Eine Übung für jeden Moment des Tages
Möchten Sie Ujjayi auf zugängliche Weise praktizieren? Setzen Sie sich dann mit geradem Rücken und entspannten Schultern in einen ruhigen Raum. Legen Sie eine Hand auf Ihre Brust und die andere auf Ihren Unterbauch. Atmen Sie durch die Nase ein und stellen Sie sich vor, wie der Atem in Ihren Rachen gelangt. Spannen Sie Ihre Halsmuskeln sanft an, als würden Sie mit geschlossenem Mund „haaah“ sagen. Jetzt hören Sie ein rauschendes Geräusch – Ihr Ujjayi. Atmen Sie fünf Minuten lang in ruhigem Tempo auf diese Weise. Konzentrieren Sie sich auf den Klang, das Gefühl und den Rhythmus. Sie können diese Übung zu Beginn Ihres Tages, als kurze Pause zwischendurch oder als Vorbereitung auf die Meditation oder den Schlaf machen.
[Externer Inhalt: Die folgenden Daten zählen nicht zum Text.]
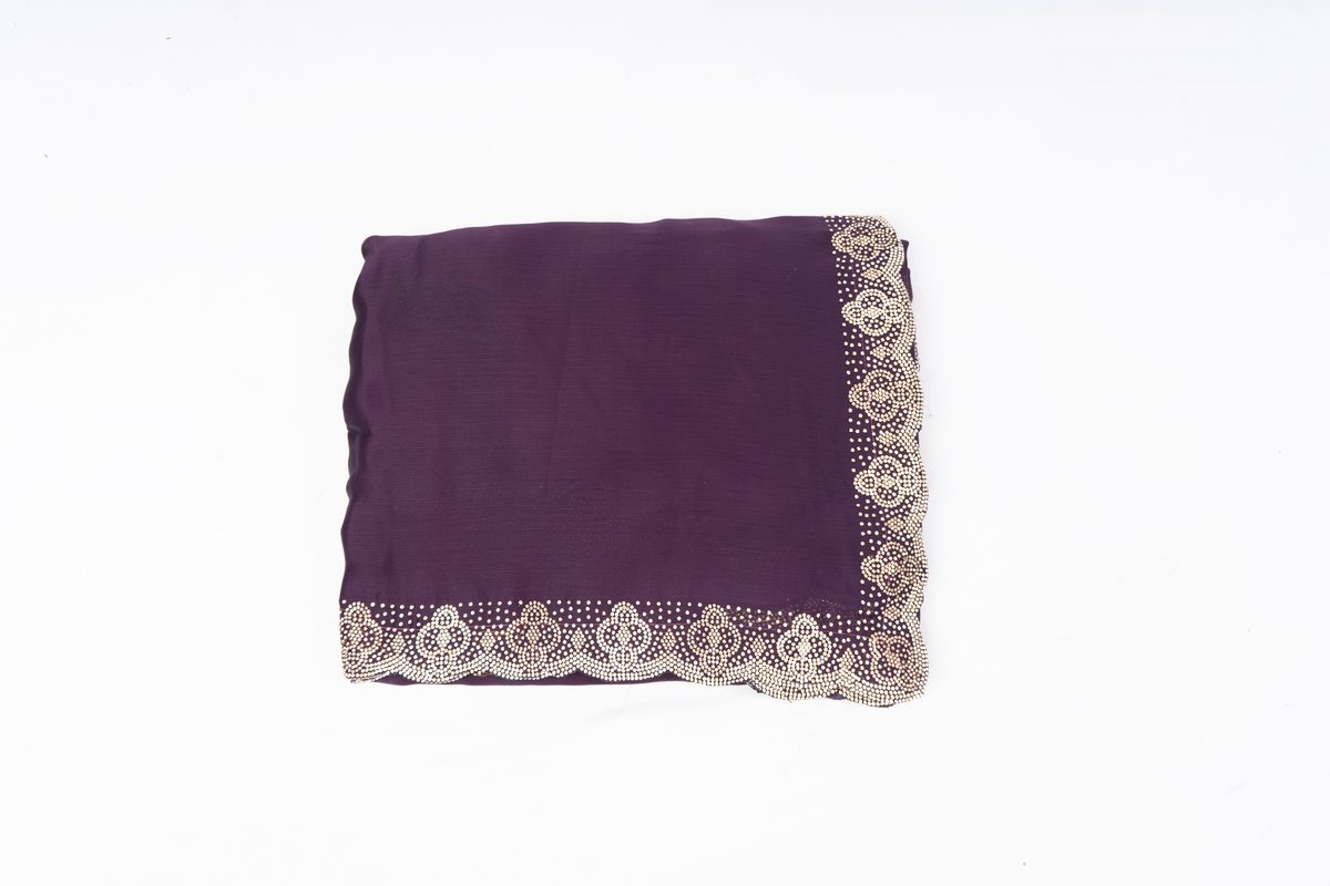 Discover the charm of the Dark Purple Golden Dot Scallop Saree from Danzira. This saree is designed for comfort and style with a smooth drape and refined detailing. Perfect for celebrations, weddings, and special evenings. Pair with classic jewelry and heels for a complete look.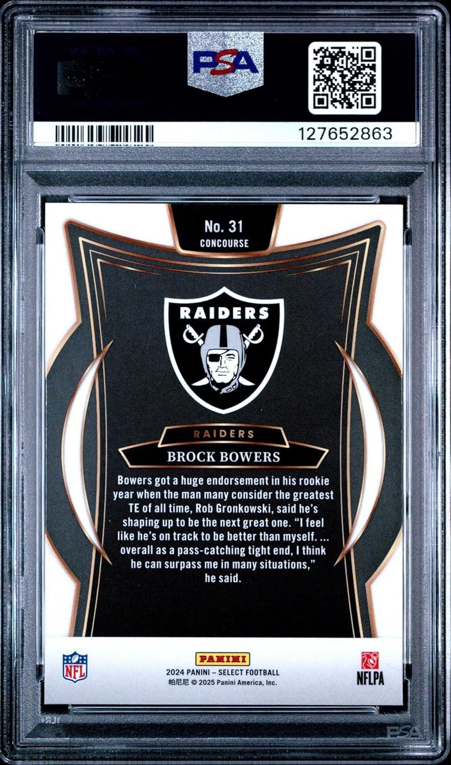 imageGraded 2024 Panini Select Brock Bowers 31 Rookie RC Football Card PSA 9 Mint

Was sich durch Ujjayi ändert
Wenn Sie diese Atemtechnik regelmäßig anwenden, ändert sich etwas in Ihrem Erleben. Ihr Fokus wird schärfer. Sie bewegen sich mit mehr Aufmerksamkeit. Sie spüren schneller, wenn Sie vom Weg abkommen. Der Atem wird zu einer Form der Meditation – nicht weil Sie still sitzen, sondern weil Sie ganz in der Bewegung präsent sind. Physiologisch hat Ujjayi eine beruhigende Wirkung. Es verlängert die Ausatmung, stimuliert das parasympathische Nervensystem und senkt Ihre Herzfrequenz. Gleichzeitig aktiviert es die Energie in Ihrem Körper – eine seltene Kombination aus Ruhe und Wachsamkeit. Viele Menschen stellen auch fest, dass es bei der Regulierung ihrer Emotionen hilft. Indem Sie Ihren Atem hörbar machen, drücken Sie aus, was in Ihrem Inneren vorgeht – ohne Worte, ohne Drama. Es ist eine Art zu atmen, die etwas öffnet. Etwas in Bewegung setzen.
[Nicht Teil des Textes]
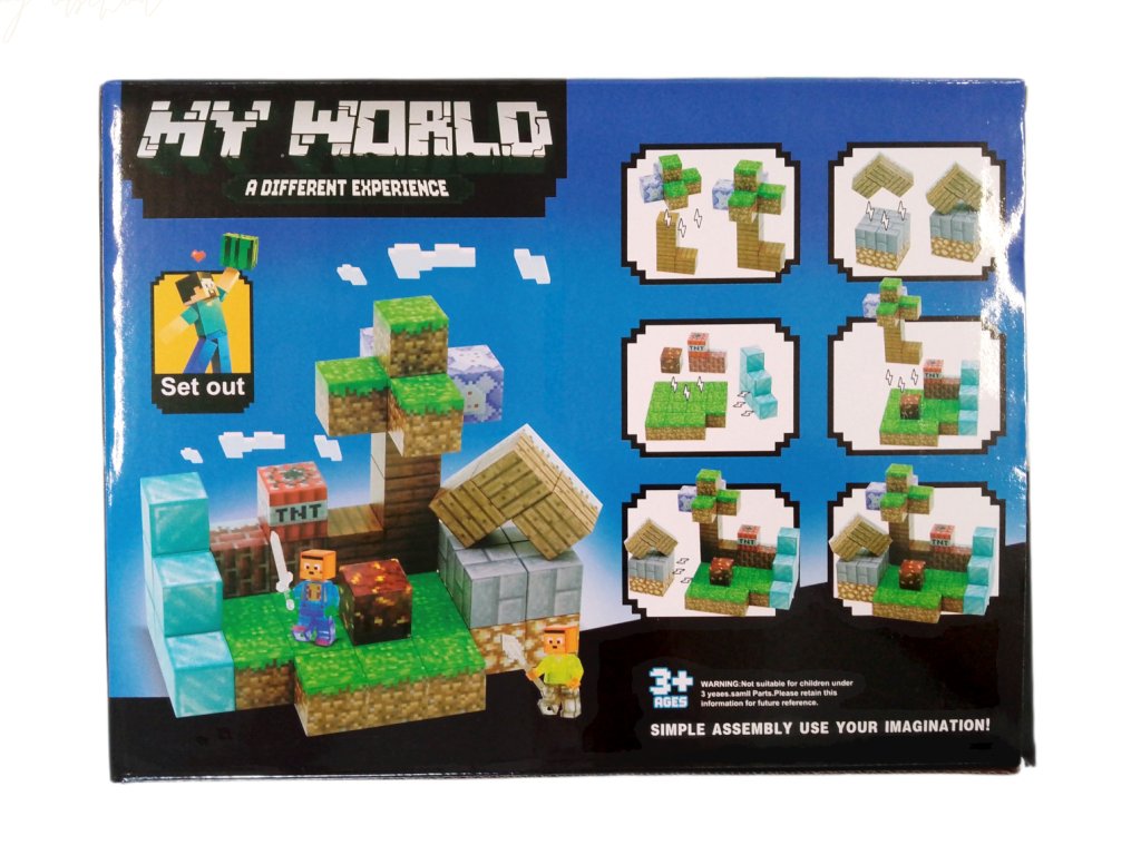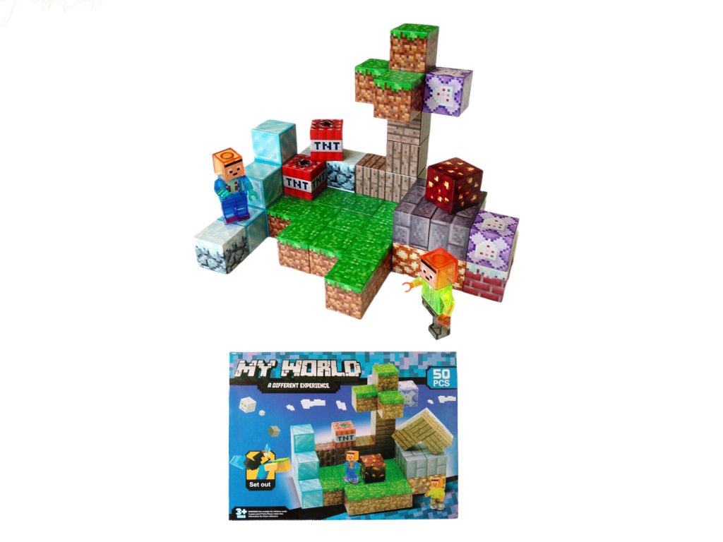 Stavebnice obsahuje 50 magnetických dílků, které se snadno spojují díky vestavěným magnetům. Součástí balení jsou dvě figurky postav ve stylu pixel art a různé stavební bloky jako ledové kostky, trávníkové bloky, TNT a další texturované kostky, které věrně kopírují vzhled z populární hry.

Abseits der Matte, im Moment
Obwohl Ujjayi oft mit Yoga in Verbindung gebracht wird, können Sie diese Atemtechnik auch unabhängig von Ihren Übungen anwenden. Im Zug, wenn Sie spüren, wie die Spannung steigt. Für ein wichtiges Gespräch. Beim Spazierengehen, wenn der Kopf voll ist. Gerade in Alltagssituationen kann die sanfte Atmung dabei helfen, zu entschleunigen. Nicht indem wir gehen, sondern indem wir tiefer in dem landen, was jetzt ist. Der rauschende Atem bringt dich zurück – zu deinem Körper, zu deinem Rhythmus, zu deiner Ruhe.
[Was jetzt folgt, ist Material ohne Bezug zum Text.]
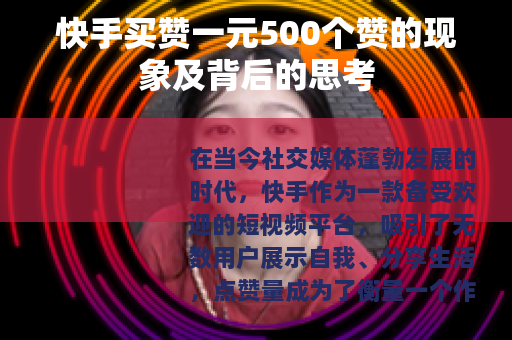 在当今社交媒体蓬勃发展的时代,快手作为一款备受欢迎的短视频平台,吸引了无数用户展示自我、分享生活,点赞量成为了衡量一个作品受欢迎程度的重要指标之一,而在这个背景下,出现了一种所谓“快手买赞一元500个赞”的现象。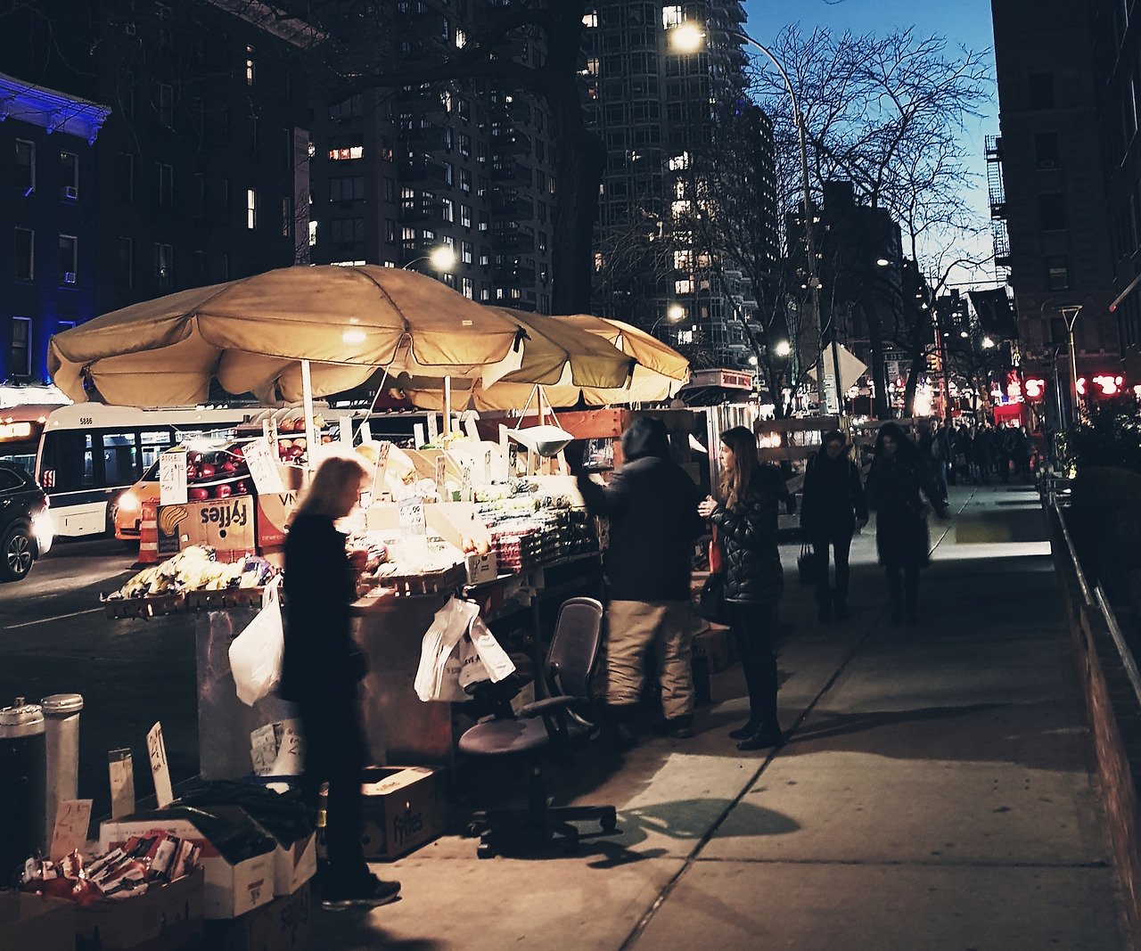 푸르스름하게 어두워지는 하늘, 과일을 파는 노점상에 켜진 노란 전구색 불,

Ein Atemzug, der dich trägt
Ujjayi-Atemarbeit ist keine spektakuläre Technik. Es ist nicht großartig, es ist nicht dramatisch. Doch in seiner Sanftmut liegt Stärke. Es ist ein Atemzug, der Sie trägt, der Ihnen hilft, aus der Ruhe herauszukommen und zu fühlen, ohne zu denken. Indem Sie diese Atmung täglich üben – auf der Matte oder in der Stille – entwickeln Sie eine verfeinerte Form der Präsenz. Der Atem wird zu einem Anker, einem Ritual, einer Erinnerung daran, dass Sie immer zurückkehren können. Auf dem Weg zur Einfachheit. Konzentrieren. Sich.